FY2025 net income was $583M (EPS $4.14, +5.6% YoY) with an ROE of 12.6%. The company has undergone a remarkable capital transformation: eliminating all $1.5B+ of debt while simultaneously returning $1.59B via buybacks over 4 years (shares outstanding: 190M → 141M, -26%). The Inigo acquisition diversifies earnings away from the US housing cycle into global specialty insurance lines (property, casualty, marine, aviation) — a strategic pivot that could justify re-rating from the current 7.5x P/E.

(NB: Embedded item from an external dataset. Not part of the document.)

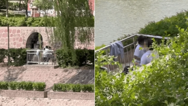 據(jù)內媒報道,事件發(fā)生在河南省鄭州升達經貿管理學院,有人目擊一對小情侶在校內孟子像旁的長椅上演“觀音蓮座”跨坐激戰(zhàn),被不只一名同學從不同角度拍下影片。從網(wǎng)上曝光的畫面可見,少女跨坐在男生腿上,兩人瘋狂搖擺、深情擁吻。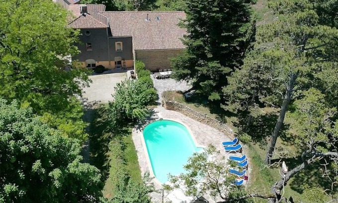 Rustic and cheerful villa with heatable pool in Vélieux, Languedoc Roussillon, France for 6 persons. The house is situated in a hilly, wooded and residential area.

| Business Segment | Revenue | % of Total | YoY Growth | Margin | Notes |
|---|
| Mortgage Insurance | $980M | 82% | -3.0% | — | Private MI on residential mortgages; $275B insurance-in-force; declining as book runs off |
| Homegenius (Title/Real Estate) | $80M | 7% | +5.0% | — | Title insurance, appraisal, and real estate technology services |
| Inigo (Specialty Insurance) | $136M | 11% | +15.0% | — | Lloyd's of London syndicate; property, casualty, marine, aviation; acquired FY2025 |
| Blended Growth Rate | — | 100% | -0.5% | — | Weighted avg across segments |
🔍 Quality Scorecard
| Metric | Value | Assessment |
|---|
| ROIC | 12.6% | ≥12% strong |
| Debt / EBITDA | 0.0x | ≤2x conservative |
| Revenue Trend | Declining 3yr | 3-year directional trend |
| FCF Margin Trend | Stable (±1pp) | Directional margin trajectory |
| Analyst Revisions | Upward revisions | Last 90 days consensus direction |
✅ Quality profile supports the valuation
📊 Financial Snapshot
| Metric | 2021 | 2022 | 2023 | 2024 | 2025 |
|---|
| Revenue ($M) | $1,309 | $1,529 | $1,219 | $1,209 | $1,130 |
| Rev YoY Growth | — | +16.8% | -20.3% | -0.8% | -6.5% |
| Gross Margin | 100.0% | 100.0% | 100.0% | 100.0% | 100.0% |
| EBITDA ($M) | $75 | $77 | $58 | $62 | $46 |
| EBITDA Margin | 5.7% | 5.0% | 4.8% | 5.1% | 4.1% |
| Operating Income ($M) | $600 | $743 | $603 | $604 | $583 |
| Operating Margin | 45.8% | 48.6% | 49.5% | 50.0% | 51.6% |
| Net Income ($M) | $601 | $743 | $603 | $604 | $583 |
| Net Margin | 45.9% | 48.6% | 49.5% | 50.0% | 51.6% |
| EPS (diluted) | $3.16 | $4.35 | $3.77 | $3.92 | $4.14 |
| Free Cash Flow ($M) | $545 | $371 | $521 | $-665 | $116 |
| Annual DPS | $0.560 | $0.720 | $0.880 | $0.970 | $1.020 |
| Total Debt ($M) | $1,409 | $1,569 | $1,537 | $0 | $0 |
💹 Capital Return & Share Count Analysis
Net Share Change
-25.9% (2021→2025)
📉 Net reduction — buybacks exceed issuances
EPS Amplification
EPS grew +31.0% vs net income -3.0% over the period — +34.0pp of EPS growth amplified by share reduction.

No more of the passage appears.